As a mother of one, I am rather shocked that there are still many women out there who are planning for pregnancy but doesn't understand the importance of nutrient supplement for pregnancy (or rather the fetus). Folic acid, also known as folate or Vitamin B9 is one particular important nutrient that has to be taken as a supplement before conception. It is a proven nutrient to prevent neural tube birth defects (NTD), such as spina bifida (1). Why do you need it as a supplement? The reason is because it is extremely difficult to eat enough foods rich in the vitamin to supply the amount that experts recommend you take in pregnancy. In Australia about 70 babies per year are born with a neural tube defect, which is around 2.5 in every 10,000 babies born. Neural tube defects remain an important, preventable cause of mortality and morbity.
Recommended by The Royal Australian and New Zealand College of Obstetricians and
Gynaecologists, folic acid should be taken for a minimum of one month before conception and at least for the first 12 weeks of pregnancy. The recommended dose of folic acid is at least 0.4mg daily on top of a normal diet to aid the prevention of NTD. Where there is a known increased risk of NTD (patients taking anticonvulsant medication, pre-pregnancy diabetes mellitus, previous child or family history of NTD or BMI>30), or a risk of malabsorption, a 5mg daily dose is recommended. Deficiency in folate not only increases the chances of miscarriage but also causes abnormalities in both mothers (anemia, peripheral neuropathy) and fetuses (congenital abnormalities).
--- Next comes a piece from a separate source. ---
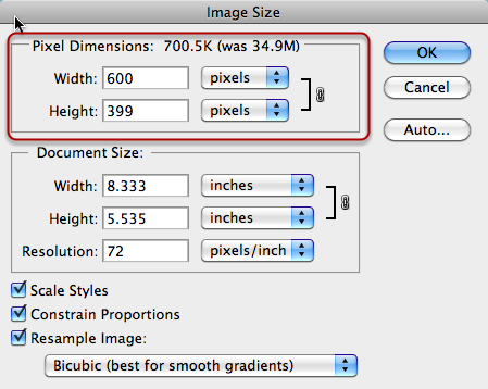 - For this example, I want the image to be less then 600 pixels, so I am going to change the width to 600.

Because folic acid is so important, fortification of grain products with folic acid has been mandatory in the United States since January 1998 and in Canada since December 1998. The many other benefits of folic acid in pregnancy includes: prevention of anemia, prevention of preterm birth, prevention of congenital heart diseases and oral clefts (2).
The recommended upper limit for folate supplementation is currently at 1mg for a normal pregnancy but more research is needed in terms of the risks of high dose folate supplementation. Early data suggest supplementation with l-methylfolate (a derivative of vitamin folate) rather than folic acid may mitigate these risk.
Please note that folic acid in foods is destroyed by overcooking, so opt for a big bowl of green leafy salad daily to top up your folic acid requirement.
1. Greenberg JA, Bell SJ, Guan Y, Yu Y. Folic Acid Supplementation and Pregnancy: More Than Just Neural Tube Defect Prevention.
Reviews in Obstetrics and Gynecology. 2011;4(2):52-59.
2. Bailey LB, Berry RJ. Folic acid supplementation and the occurrence of congenital heart defects, orofacial clefts, multiple births, and miscarriage. Am J Clin Nutr. 2005 May;81(5):1213S-1217S. Review. PubMed PMID: 15883454.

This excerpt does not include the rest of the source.